Heads up: several vulnerabilities fixed

Thank you very much for doing this. It is appreciated.

Any chance you, Daniel, or DigeeX requested a CVE for this?

It’s in progress, we have written the descriptions and will request them on weekend

CVE-2020-25787, CVE-2020-25788 and CVE-2020-25789 have been assigned to our findings

We have published our full report (PDF), together with a blog post. I’ll be here to answer further questions and we can all get this sorted out together.

Thank you to both of you for finding and fixing these issues in a positive way. It’s always a tricky problem when issues like this are reported. I’m very pleased that everything was resolved.

I know this might incur the wrath of fox … but to all the localhost and site:port whiners there may be a way for you to use the new more secure tt-rss still w/o really securing your install if you don’t want.

The CVE’s were written against the base application and not the plugins; you can reopen your own vulnerabilities if you want to. I am not advising it, just pointing it out. AFAIK the plugin hooks occur b/f the sanity checks.

You can write a plugin (hopefully with an approved url list configured via prefs to limit the blast zone) that does its own curl_exec. Then you can do whatever the heck you want, including shot your own foot. But :man_shrugging:

I wouldn’t suggest asking anyone on the list to write it for you though.

Let the probation begin … 3 … 2 … #$%@ connection lost

yeah this was actually mentioned above (or in a different thread?). anyone could make an “unsafe_fetch” plugin which would hook on HOOK_FETCH_FEED or w/e and just do the thing.

(i don’t think there’s a way to hook on fetching other arbitrary URLs so this won’t enable caching and stuff like that.)

to me, the important part is that i’m not the one responsible, i can’t (and won’t) try to stop anyone from shooting himself in the foot, if he so desires.

core code is open source anyway, anyone could simply patch the necessary code to prevent any URL checks, no plugin needed.

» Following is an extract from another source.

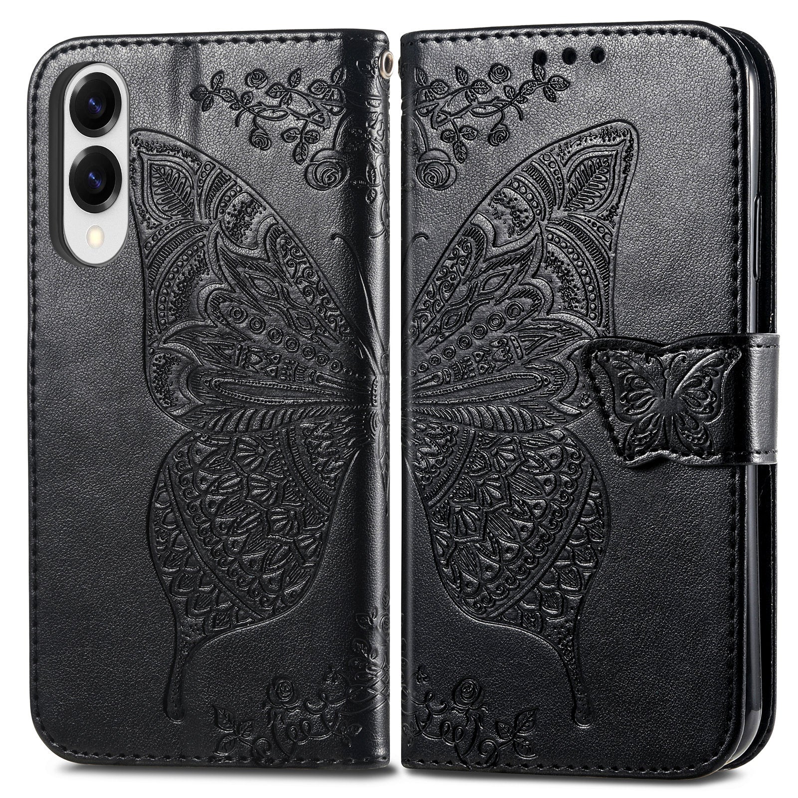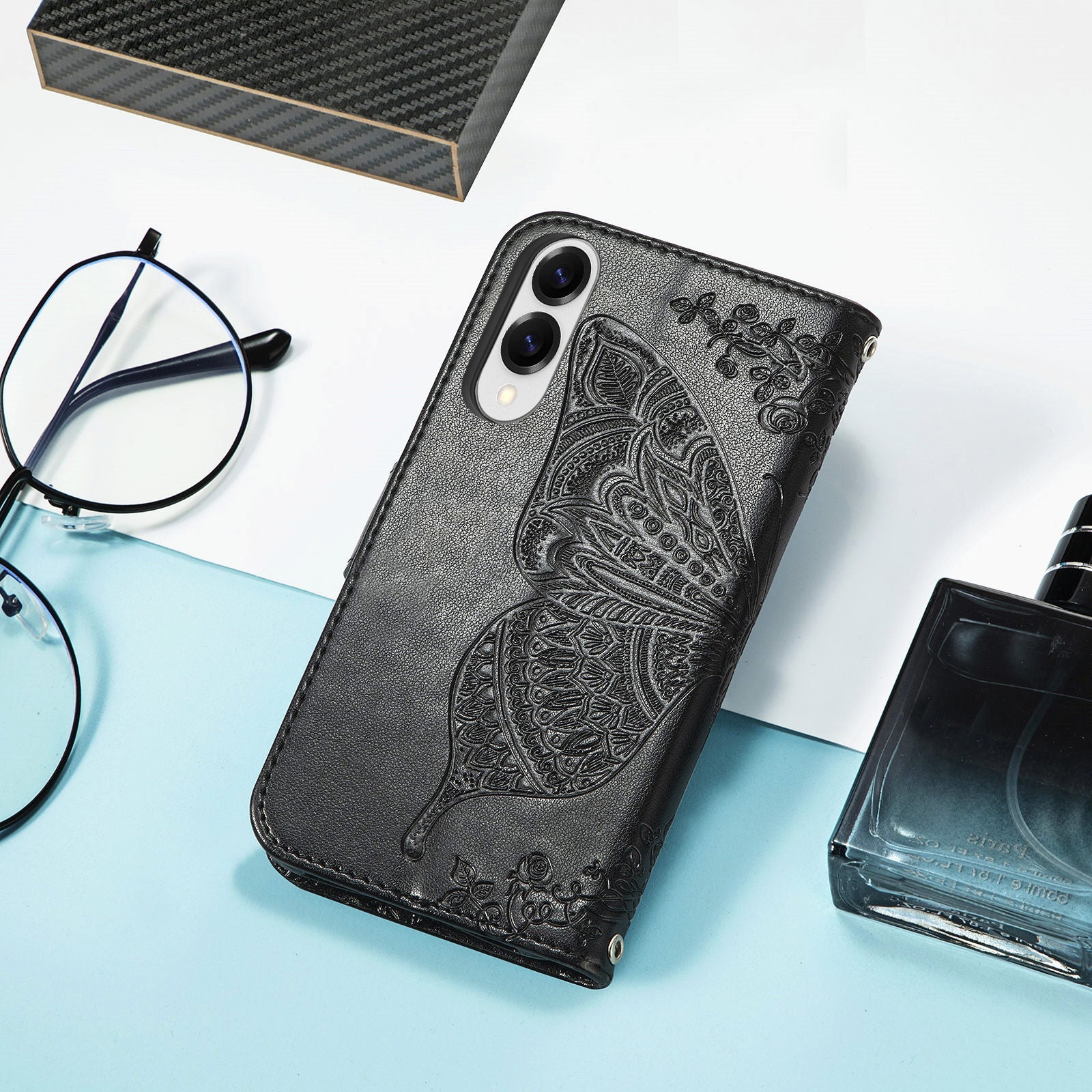 For Samsung Galaxy S25 Edge Case with Strap Butterfly Pattern PU Leather Wallet Phone Cover - Black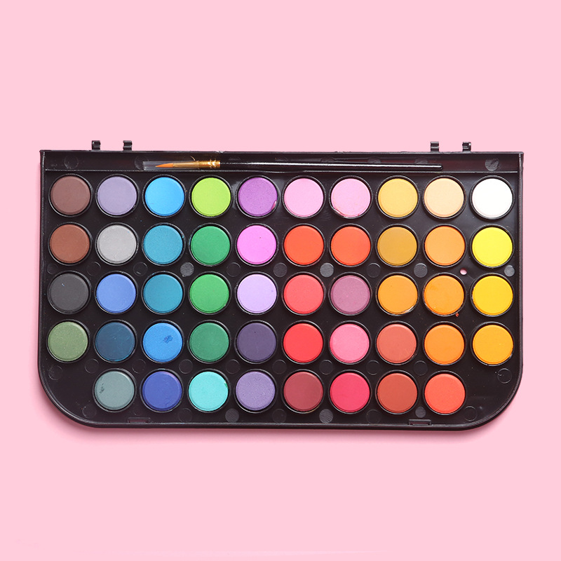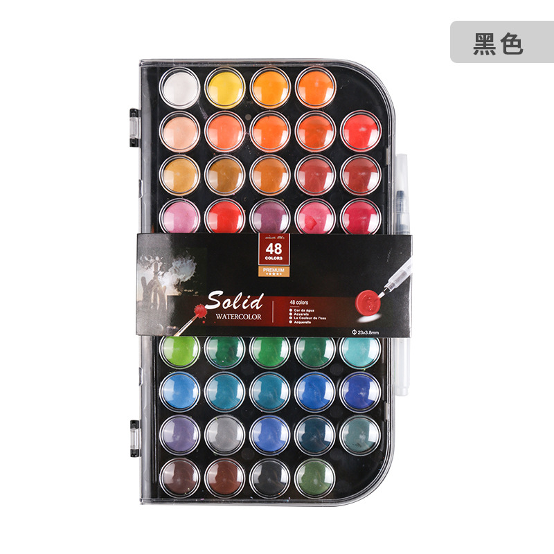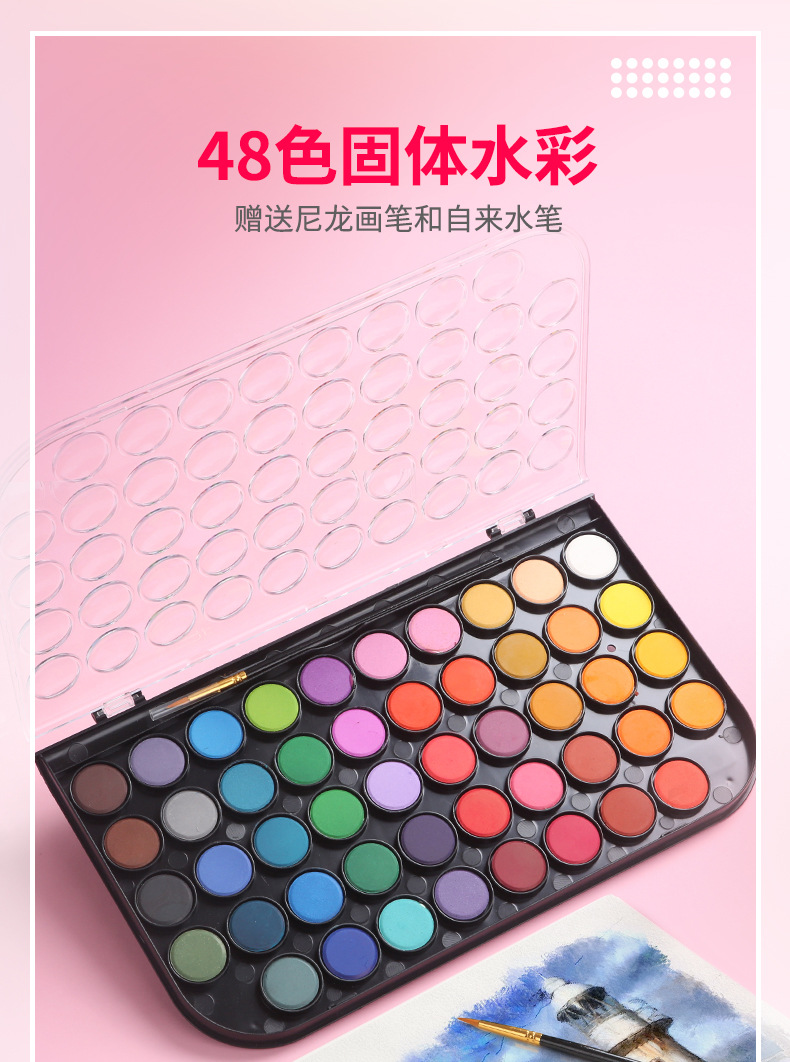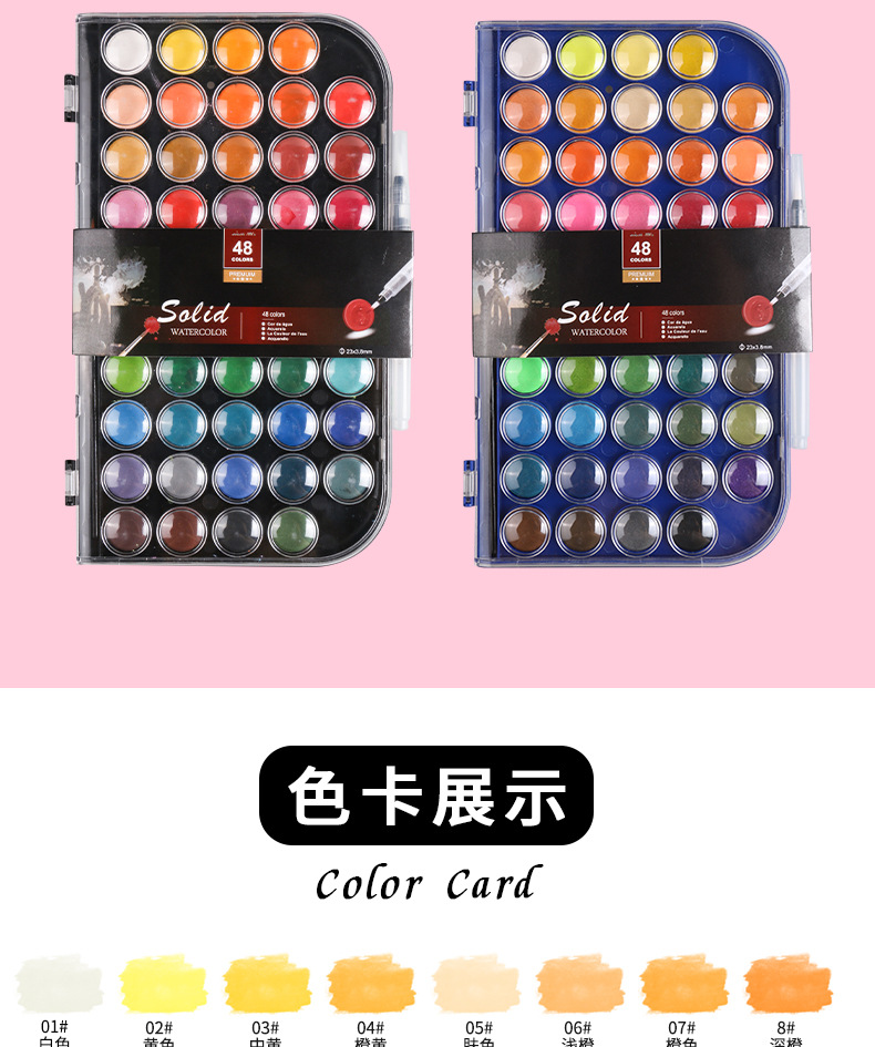 厂家直销48色固体水彩水粉颜料套装批发儿童初学者粉饼塑料盒颜料

don’t be so dramatic :slight_smile:

Would you mind clarifying what you mean by this please? What is the better alternative for people (like me) who are not aware of the latest trends?
Does this mean everything has to be behind a reverse proxy nowadays, and the default entry point should be the default ports? Does this mean local services have to be reached through an external IP?

As suggested in other threads (ex: “regression-some-atom-feeds-broken”) I have setup a reverse proxy, but this means opening the default port to reach a non-default port.
And this also means I have to hit a local gateway (router) in order to access services on the same machine, which sounds a bit ridiculous… but is that the correct way to do it now?

Thanks for your time, thanks Daniel and his colleagues at DigeeX, and thanks fox.

“hi plz teach me basics of networking and how to set up multiple random web services on my host, properly, for free” goes way beyond the scope of this forum, i think.

that aside, here’s some brief answers:

standard ports, yes

reverse proxy, if necessary (one exception could be services provided by containers linked onto tt-rss docker network, however you still need to use standard ports)

no

no

if you have any other questions, i suggest starting on this long, perilous, and largely unrewarding road of becoming a junior linux sysadmin by using your favorite search engine. good luck.

Thanks fox, no worries. I should have worded by questions better. By “external IP” and “local gateway” I meant a LAN IP address such as “192.168.x.x”. My bad.
BRB getting a degree in system administration.